Monday Sep 25, 2017: Abdel Azim Zumrawi & Leah Macfadyen / SEoT Data (Summary)

On Sep 25th, Abdel Azim Zumrawi (Statistician, UBC Centre for Teaching and Learning) and Leah Macfadyen (Program director, Evaluation and Learning Analytics, UBC Faculty of Arts) spoke about challenges of meaningfully capturing, summarizing and presenting Student Evaluations of Teaching and Learning (SEoT) data at UBC.

Leah opened the session by talking about history of SEoT at UBC. The UBC Senate has been considering student evaluations ever since 1974. Then later in 2007, an updated policy, recommended by Teaching and Learning Committee, was approved by the senate that requires every course section or learning experience to be evaluated by students every time it is offered (with some exceptions). For more information visit http://teacheval.ubc.ca/.

Based on this policy, a modular model is implemented at UBC, where the student evaluations questionnaire includes university-wide questions, as well as, faculty and department specific ones. Most of these questions adopt a 5-point Likert scale to measure respondents agreement. The response categories are then translated into quantitative scores. Below is a visual representation of a Likert scale.

Note: images are not present in the original evaluation questionnaire.

The original SEoT data is ordinal and not ratio scale, meaning that the points are ordered along one spectrum but the distance between them is not known. This poses some challenges when summarizing and presenting SEoT data, as pointed out by Abdel Azim. For instance, using “average” to compare evaluations across individuals and units can be misleading. To demonstrate his point, Abdel Azim shared an example of 6 distributions of SEoT scores that all have the same average but clearly show very different patterns.

One would naturally think that a measure of variability is required to better describe and distinguish these patterns. Abdel Azim argued that “standard deviation” is not an accurate measure of variability for ordinal SEoT data. He suggests adopting a simple and intuitive “dispersion index” suited for ordinal data instead. A dispersion metric would range from 0 (complete agreement) to 1.0 (a 50-50 split between the two extreme scores).

In addition to dispersion index, Abdel Azim suggests looking at “percent of favorable responses” (i.e., those rated 4 or 5) when summarizing SEoT data. Several years of data at UBC shows that overall, students tend to give instructors higher ratings of 4 and 5. However, the percentage may differ from one course offering to another.

Revisiting the 6 distributions of SEoT data in the earlier example, Abdel Azim pointed out that while averages are exactly the same, both dispersion index and percent of favorable responses are very different per case. This signifies the necessity of adopting appropriate metrics for summarizing SEoT data.
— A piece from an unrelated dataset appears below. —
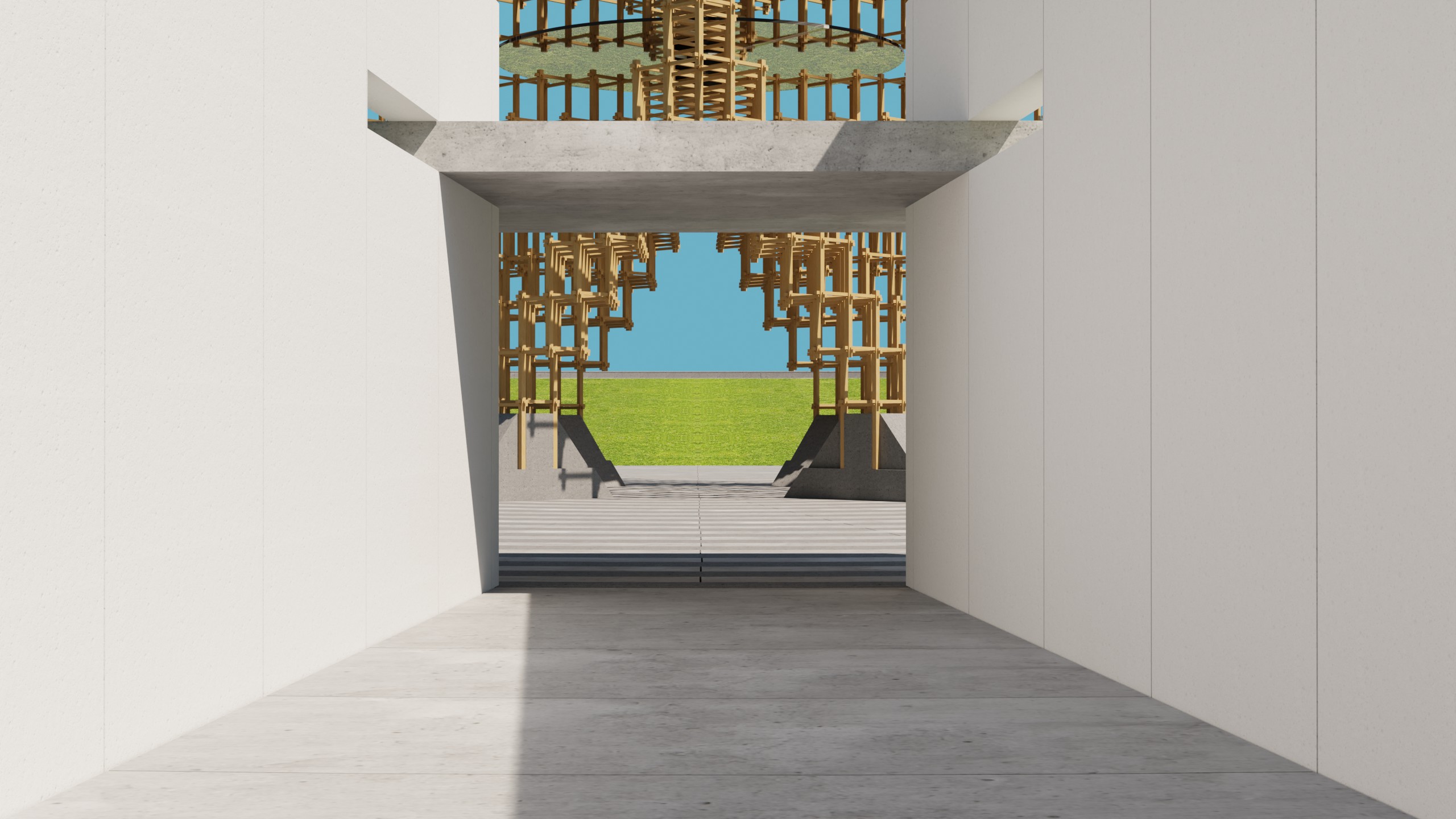 Forged from the sloping angles of a rhombohedron, titanium members weave together to form hash signs on its four sides and on top as social media weaves into the fabric of our technological times. This symbol turns the data of billions of souls vying to be seen and heard into meta-data, categorizes it and makes it searchable; to share joys, beauty, injustices, grief…. and so much more, elevating our humanity. Yet, represented by the perfection of its titanium surface scarred by scratches, these forces of light are tempered by the forces of darkness by its use to tear down our humanity. One can sit on its timber benches and reflect on this symbols’ meaning to them in their personal lives as the reflecting pools reflect its aqua color onto its surface.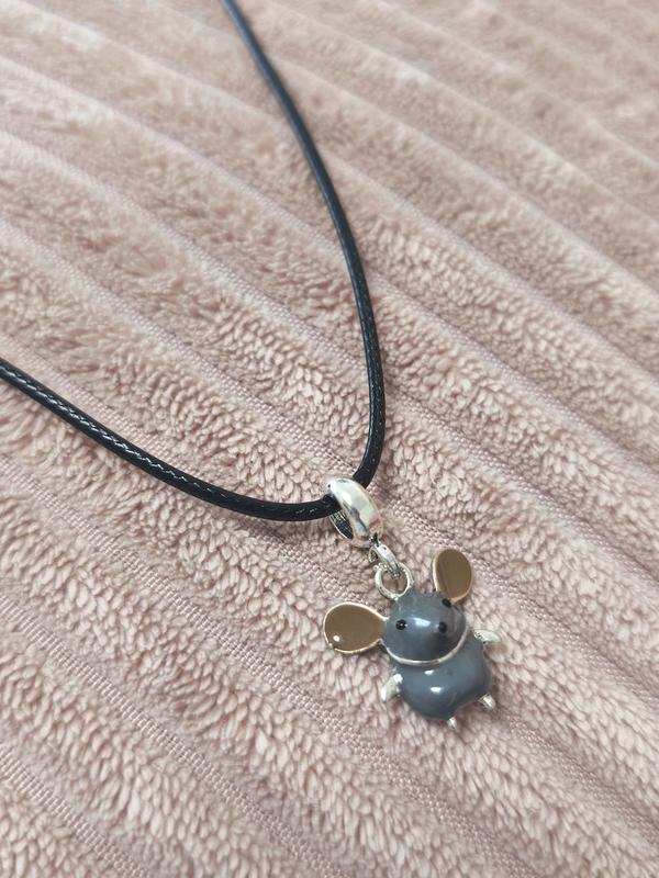 Стильная подвеска с мышкой на шнурочке, украшение, колье с мышкой на шнурке, кулон с мышко...

Abdel Azim explained that “response rate” is one other factor that should be taken into account when analyzing SEoT data. Not all students in all classes choose to complete the evaluations, resulting in varying response rates. Extensive statistical analysis of UBC SEoT data has been done to determine minimum recommended response rates for generating reliable score distributions for class sizes, where scores were classified as “favorable” or “unfavorable”.

Zumrawi A., Simon P. Bates & Marianne Schroeder (2014) What response rates are needed to make reliable inferences from student evaluations of teaching?, Educational Research and Evaluation: An International Journal on Theory and Practice, 20:7-8, 557-563

Justin Lee (Programmer Analyst, UBC’s Faculty of Land and Food Systems) closed the session by sharing his visualization work that allows users to explore SEoT data for his faculty using the above metrics in one interactive dashboard.